Re: [edict-jmdict] POS, etc. entities in JMdict

Subject: Re: [edict-jmdict] POS, etc. entities in JMdict

From: Olivier Binda <olivier.binda@**********>

Date: Tue, 03 Dec 2013 13:04:53 +0100

On 12/03/2013 07:30 AM, J Greely wrote:

On Dec 2, 2013, at 9:24 PM, Jim Breen <jimbreen@*********> wrote:
> Any comments or suggestions?

I'd hate to lose the information from the less-common ones,
but yes, the first thing I did when I started parsing JMdict
was add a hook to un-expand entities in all the fields where
they're used.

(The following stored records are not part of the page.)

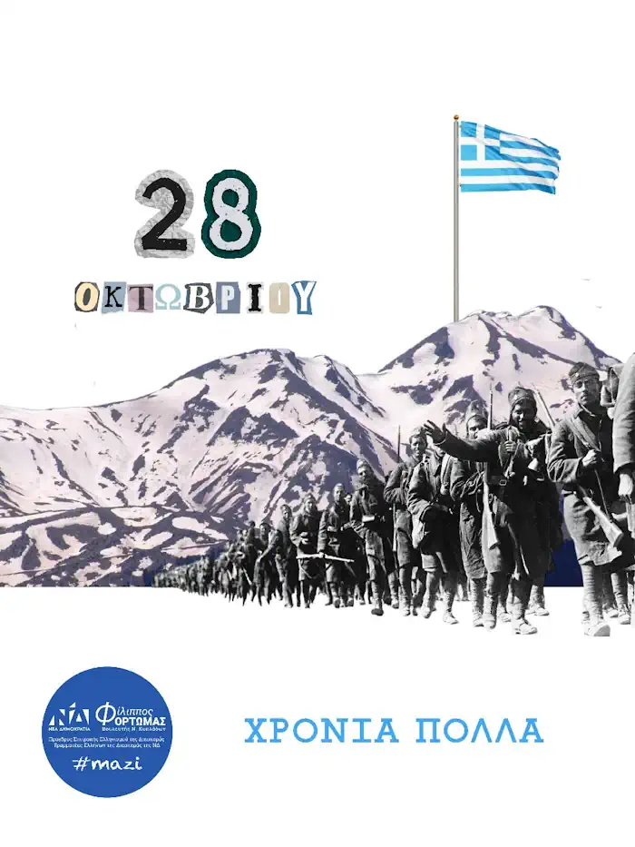 Η επέτειος της 28ηςΟκτωβρίου μας θυμίζει την αντρειοσύνη του λαού μας και τη βαθιά του πίστη στις αξίες και τα ιδανικά που κληρονόμησε από τους ένδοξους προγόνους μας. Η ελευθερία, το ύψιστο αγαθό ενός λαού που αυτοπροσδιορίζεται, δεν χαρίζεται και δεν εξαγοράζεται αμαχητί. Δεν υπάρχει περιθώριο συνειδητού συμβιβασμού, παρά την αριθμητική υπεροχής που έχει η εκάστοτε απειλή.
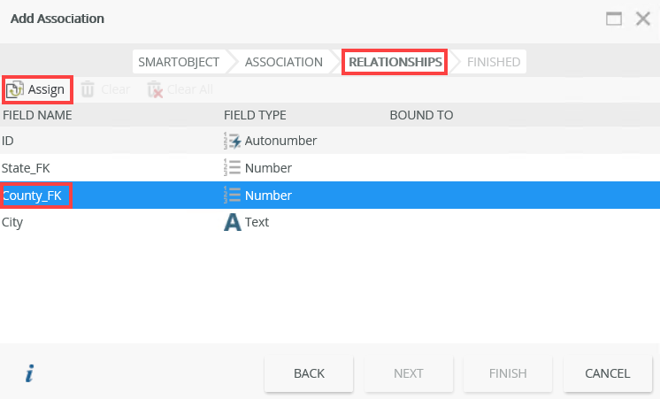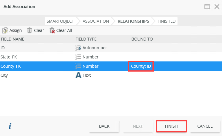 - The Bound To field shows the association between County_FK and County:ID. Click Finish.
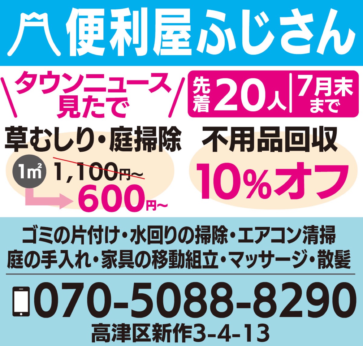 草むしりや不用品回収など暮らしの「困った」があったら「便利屋ふじさん」へ。宮前・高津を中心に地域密着で迅速・親身な対応が評判だ。地元で整骨院や訪問マッサージ、障害者施設などを運営する代表の藤井さん。日常の困りごとにも対応しようと昨年4月、便利屋を開業した。
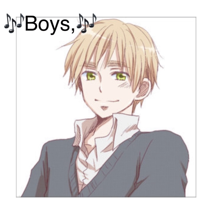 I wanted to make my own version of this tik tok I saw on YouTube but I didn’t want to bother downloading and making a tik tok account just for one thing so here’s this. (Also I didn’t draw the anime people, got them from google) The song: Boys by Charli XCX
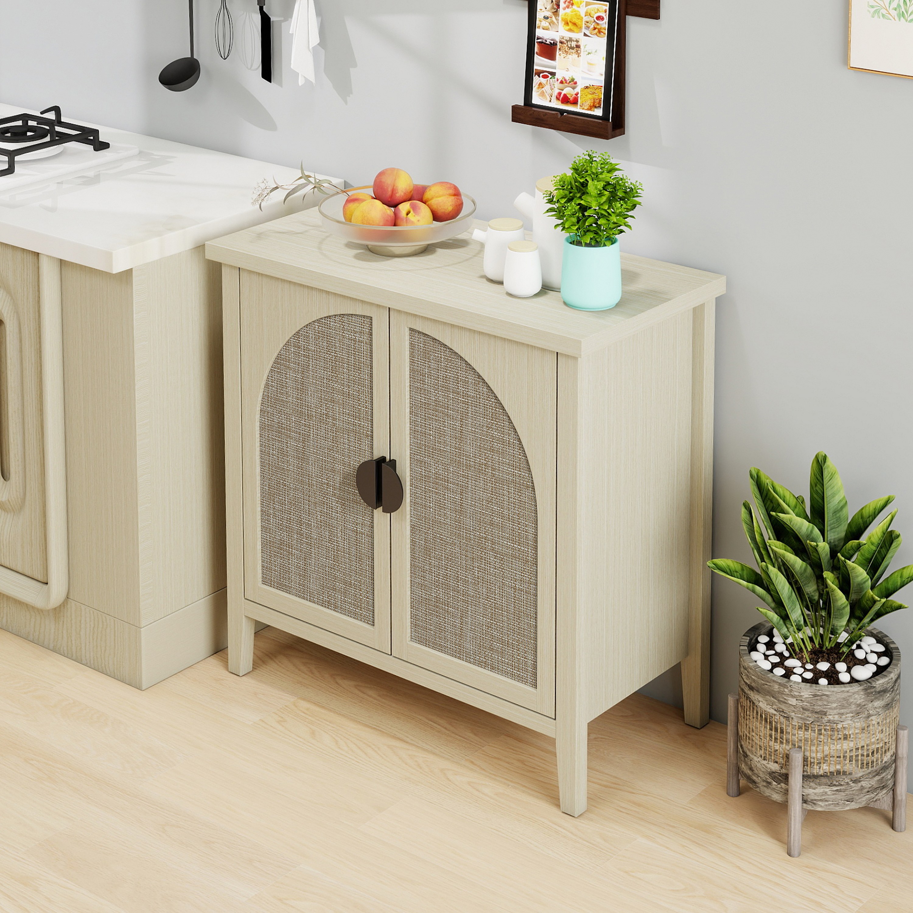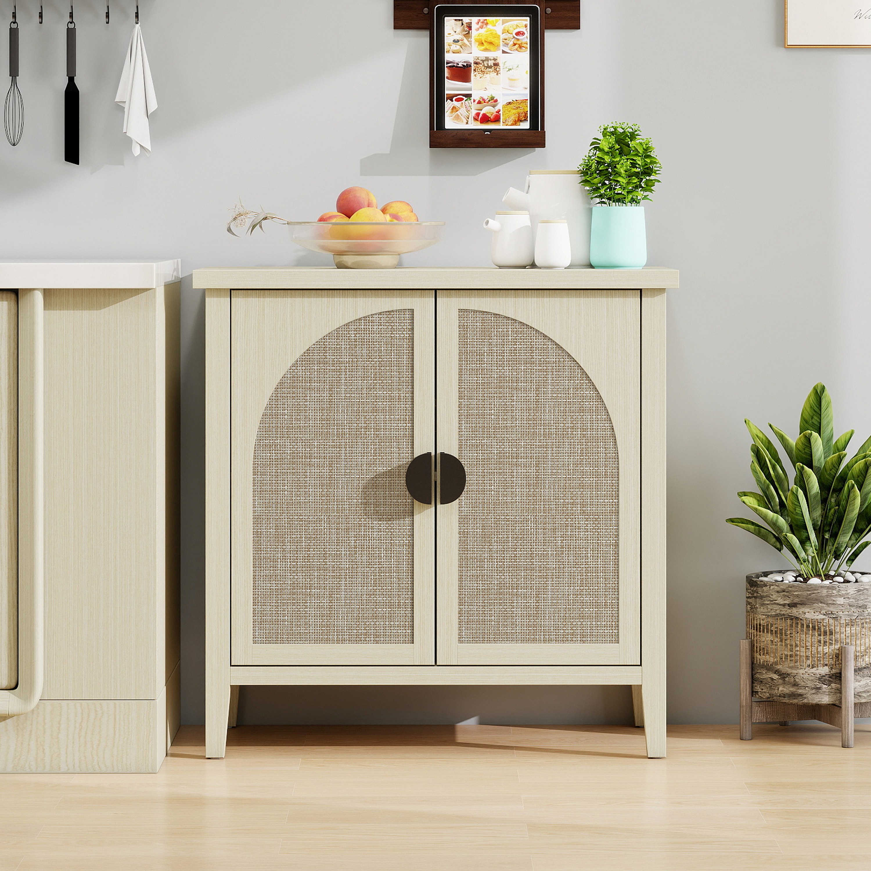 Módulo de almacenaje de dos puertas de ratán natural, moderno aparador o cómoda, ideal para salón, recibidor y cocina.

The standard behavior in XML parsers is quite
annoying in this case.

Indeed, that is the first thing I had to do too.
Having the same data without the annoying expension would greatly simplify things for developers/apps...and help save the planet.

(you have to first parse JMDict to get the entities, optionnaly sorting them in the field/diag/pos/misc categories (I do)
build a map to unexpand them and then parse JMDict again for the real stuff)

Took me at least a day to find the best way to do that in Java with a XmlPullParser
(and that was my second try : at first, I manually wrote my own kanjidict/JMdict parsers to do just that)

I don't mind how they are coded as long as it makes sense and they are easy to parse like for example

<pos>n</pos>

or

<pos type="n"/>

I love the pos/misc/field/dial in JMdict and have a use for most of them.
I would just love having more significant usefull metadata.

To me, the best metadata tags are the one that can be understood/used by a program like
stagk, stagr, re_nokanji?,re_restr, re_pri...

tags that can only be used/understood by humans like
re_inf or s_inf
are great for humans that are learning japanese but not so great for developers because, appart from displaying those on screen, what can you do programmatically about them ? There could be anything in those tags ! .

Also, I would love having more languages in JMdict...
The second thing I'm doing when parsing kanjidict and JMdict is adding russian/german/spanish meanings....

(I would love to add chinese...there would be like 1 Milliard people that could then benefit from JMdict/Kanjidic...but well...haven't )

Keep up the good work.
JMdict and Kanjidic rock !

Olivier

Would it make sense to add a top-level element containing
an array of all the tags and their expansions? They could
even have an xml:lang attribute for eventual localization.

-j